> **INPUT DATA**
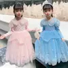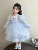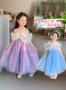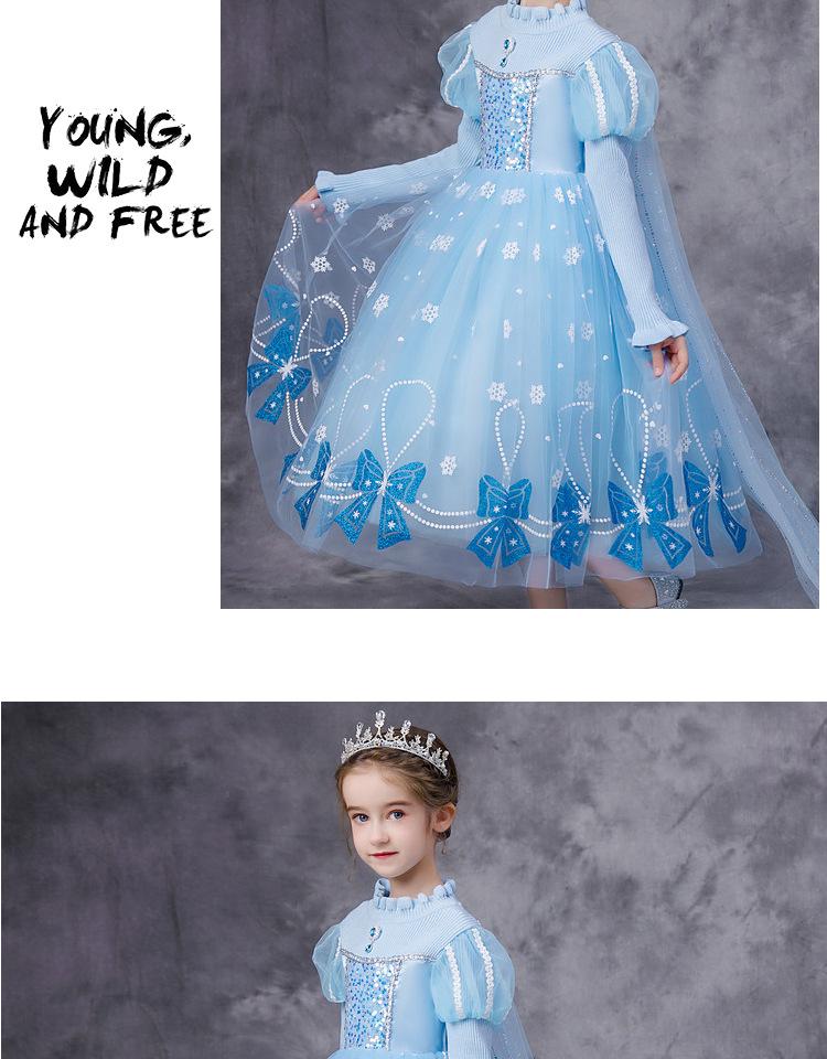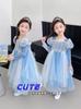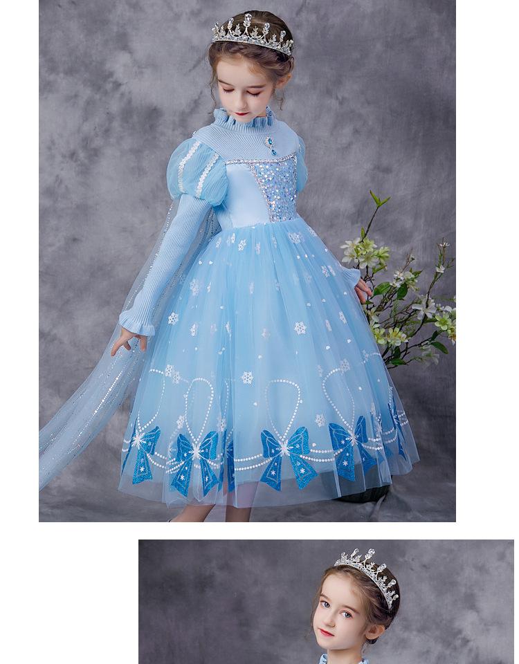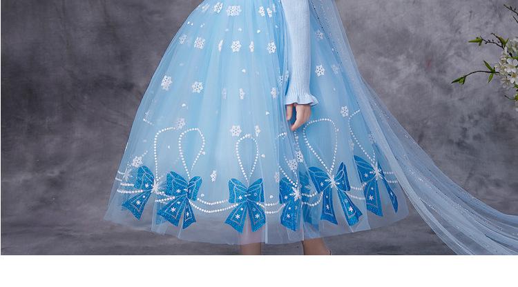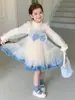 Vestido de Princesa Elsa Otoño/Invierno 2025 Suéter Vestido para Niñas Nuevo Estilo con Velo, Elegante Vestido de Malla, Estilo Pequeña Chanel
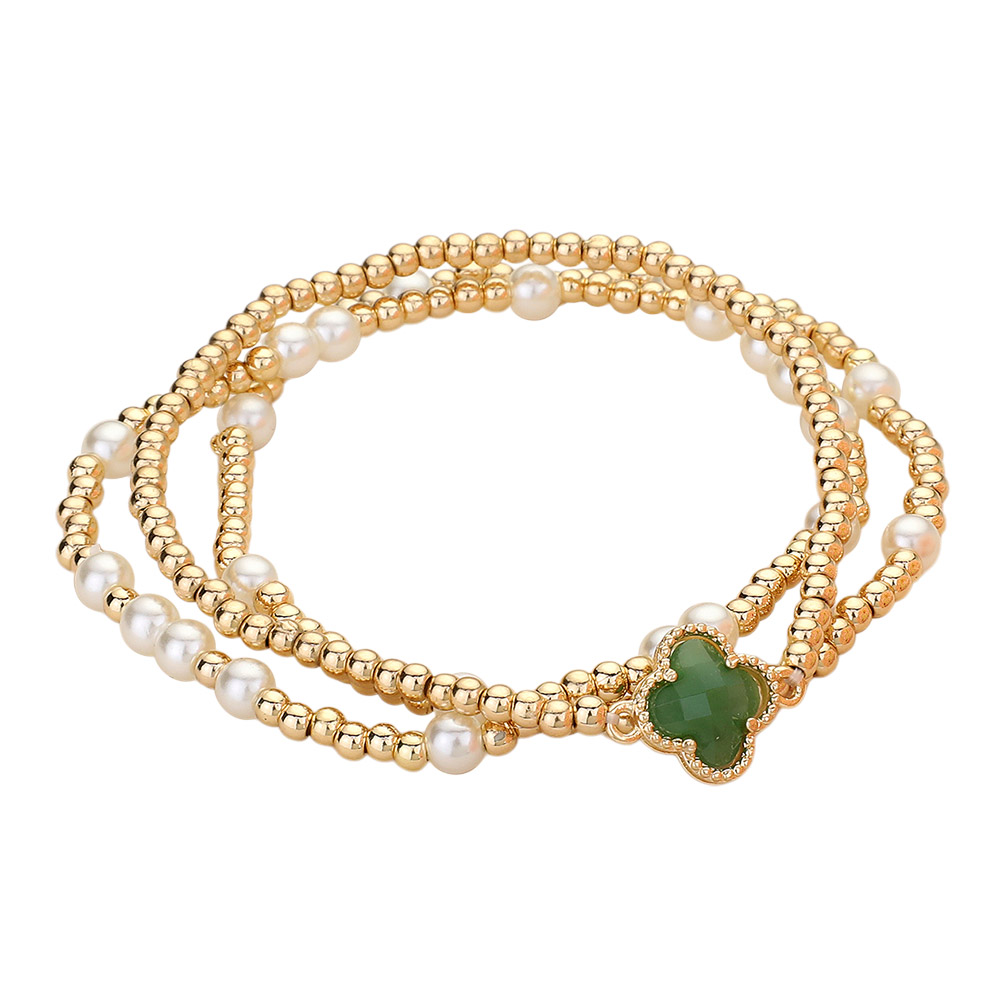 3PCS - Quatrefoil Pointed Pearl Metal Ball Beaded Stretch Multi Layered Bracelets
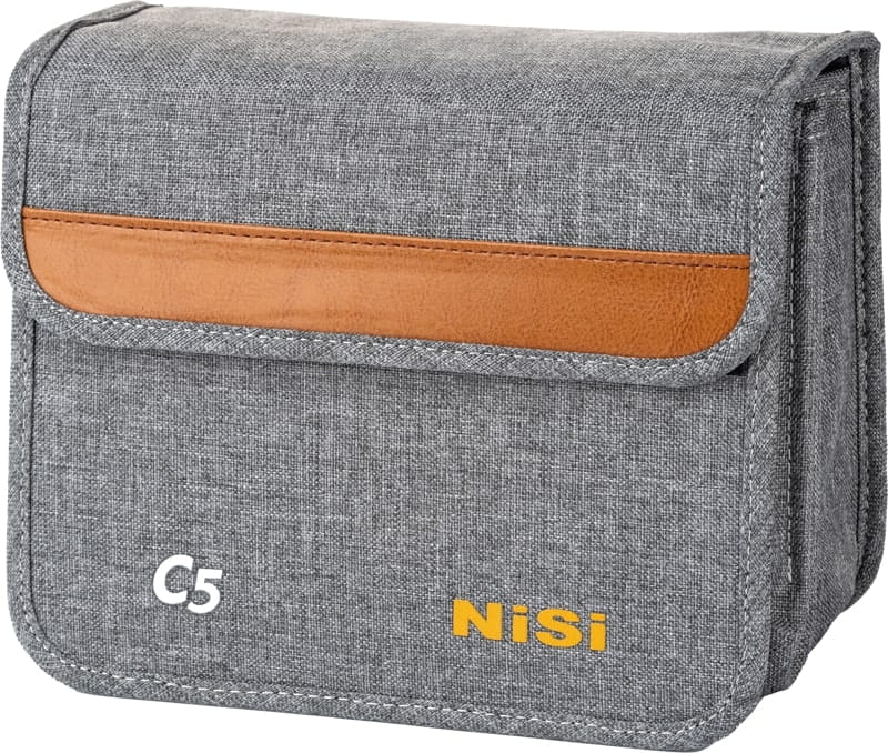 Dzięki systemowi filtrów formfitting, ultra-szerokokątne ujęcie przy użyciu ogniskowej 15 mm+ staje się możliwe, bez konieczności stosowania vinjettingu. Ta osłona mattebox NiSi ma wewnętrzną głębokość 26,5 mm i jest skuteczna w unikaniu odblasków. Zestaw startowy NiSi Matte Box C5 posiada design ze szczelinami powietrznymi na bokach, które zmniejszają opór wiatru. Górna klapa zbudowana jest z włókna węglowego i umożliwia ujęcia 180°. Masa wynosi tylko 350 g, co pozwala na używanie jej podczas fotografowania na gimbalu.

> **WORK REQUIRED**
Images stay out, but the rest of the data above must be repeated exactly.

> **PROBLEM SOLUTION**
 Vestido de Princesa Elsa Otoño/Invierno 2025 Suéter Vestido para Niñas Nuevo Estilo con Velo, Elegante Vestido de Malla, Estilo Pequeña Chanel
 3PCS - Quatrefoil Pointed Pearl Metal Ball Beaded Stretch Multi Layered Bracelets
 Dzięki systemowi filtrów formfitting, ultra-szerokokątne ujęcie przy użyciu ogniskowej 15 mm+ staje się możliwe, bez konieczności stosowania vinjettingu. Ta osłona mattebox NiSi ma wewnętrzną głębokość 26,5 mm i jest skuteczna w unikaniu odblasków. Zestaw startowy NiSi Matte Box C5 posiada design ze szczelinami powietrznymi na bokach, które zmniejszają opór wiatru. Górna klapa zbudowana jest z włókna węglowego i umożliwia ujęcia 180°. Masa wynosi tylko 350 g, co pozwala na używanie jej podczas fotografowania na gimbalu.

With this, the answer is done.